Prototype attack helicopter

The Sikorsky S-67 Blackhawk was a private-venture, prototype attack helicopter built in 1970 with Sikorsky Aircraft research and development (R&D) funds. A tandem, two-seat aircraft designed around the dynamic drive and rotor systems of the Sikorsky S-61, it was designed to serve as an attack helicopter or to transport up to eight troops into combat.

==Design and development==

===AAFSS and S-66 bid===
The United States Army issued a request for proposals (RFP) for its Advanced Aerial Fire Support System (AAFSS) program on 1 August 1964. Lockheed offered its CL-840 design, a rigid-rotor compound helicopter. Sikorsky submitted the S-66, which featured a "Rotorprop" serving as a tail rotor but as speeds increased would rotate 90° to act as pusher prop. The S-66 had short, fixed wings and was powered by a 3400 shp Lycoming T55 turboshaft engine. The design was to have a speed of 200 kn with the ability for 250 kn for brief periods.
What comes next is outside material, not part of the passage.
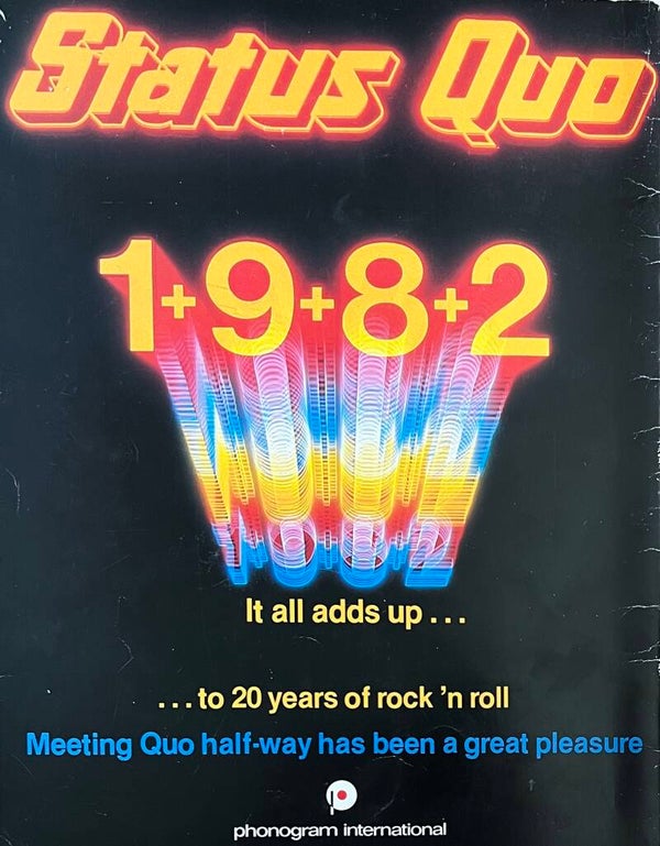 STATUS QUO 1+9+8+2 XX (1982 UK 32-page 12" x 9½" full colour official tour programme, packed with photographs & information about the band & their first twenty years. The programme shows some light scuffs.

The U.S. Army awarded Lockheed and Sikorsky contracts for further study on 19 February 1965. On 3 November 1965, the Army announced Lockheed as the winner of the AAFSS program selection. The Army perceived Lockheed's design as less expensive, able to be available earlier, and that it would have less technical risk than Sikorsky's Rotorprop.

===S-67 development===
Lockheed's design soon ran into development problems and cost and timelines began to grow. Sensing an opportunity, Sikorsky offered an armed SH-3 Sea King (Sikorsky S-61) version. After further AAFSS problems, the company developed an intermediate, high-speed attack aircraft named the Sikorsky S-67 Blackhawk in 1970. Design work on the S-67 began in November 1969 with manufacturing following in February 1970. The Blackhawk first flew on 20 August 1970.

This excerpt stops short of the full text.